*Material provided:*
____
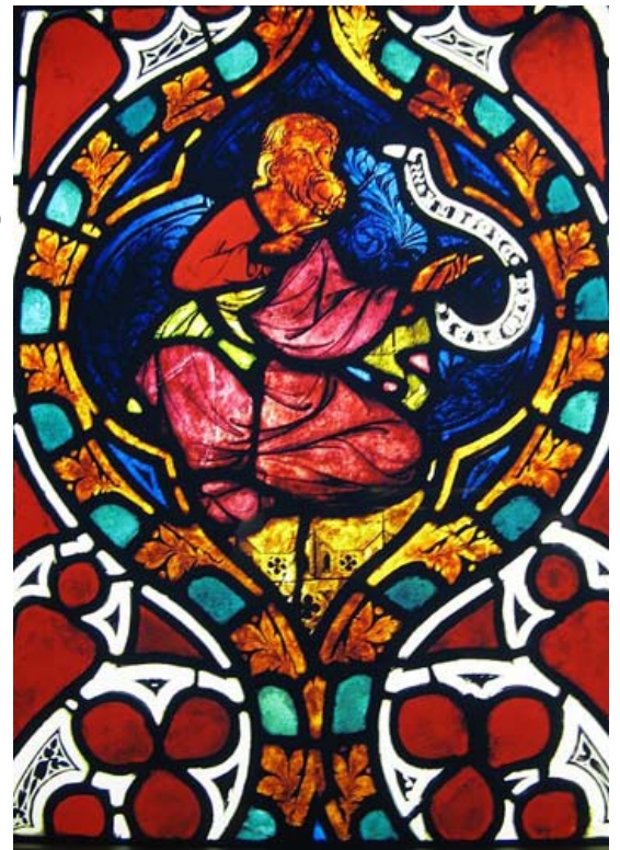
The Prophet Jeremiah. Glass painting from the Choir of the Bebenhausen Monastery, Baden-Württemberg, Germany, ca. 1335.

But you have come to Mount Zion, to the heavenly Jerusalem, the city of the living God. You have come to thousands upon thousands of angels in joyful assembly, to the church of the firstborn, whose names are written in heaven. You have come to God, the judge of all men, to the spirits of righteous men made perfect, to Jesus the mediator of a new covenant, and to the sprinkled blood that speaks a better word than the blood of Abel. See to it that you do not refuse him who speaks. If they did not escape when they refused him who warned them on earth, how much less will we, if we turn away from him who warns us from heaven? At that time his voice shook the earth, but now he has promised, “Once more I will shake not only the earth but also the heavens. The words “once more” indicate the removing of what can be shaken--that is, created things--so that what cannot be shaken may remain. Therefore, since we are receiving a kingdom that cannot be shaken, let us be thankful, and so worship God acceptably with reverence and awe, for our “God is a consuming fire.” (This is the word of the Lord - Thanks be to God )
____
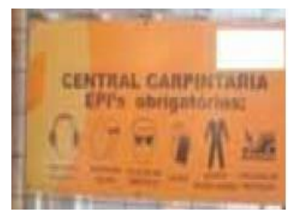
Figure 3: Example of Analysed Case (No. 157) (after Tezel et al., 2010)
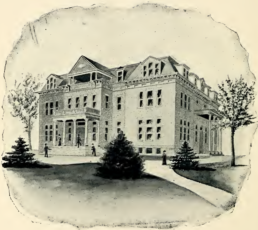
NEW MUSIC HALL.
____
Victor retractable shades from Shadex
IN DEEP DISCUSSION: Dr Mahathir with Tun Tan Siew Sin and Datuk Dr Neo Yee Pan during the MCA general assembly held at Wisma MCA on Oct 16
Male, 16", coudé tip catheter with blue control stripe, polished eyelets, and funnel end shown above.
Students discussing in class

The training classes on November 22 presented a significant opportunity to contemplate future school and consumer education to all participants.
____
*Directions:* For the listing above, state how many lines include the word "assembly", and give only the number.

*Final answer:* 2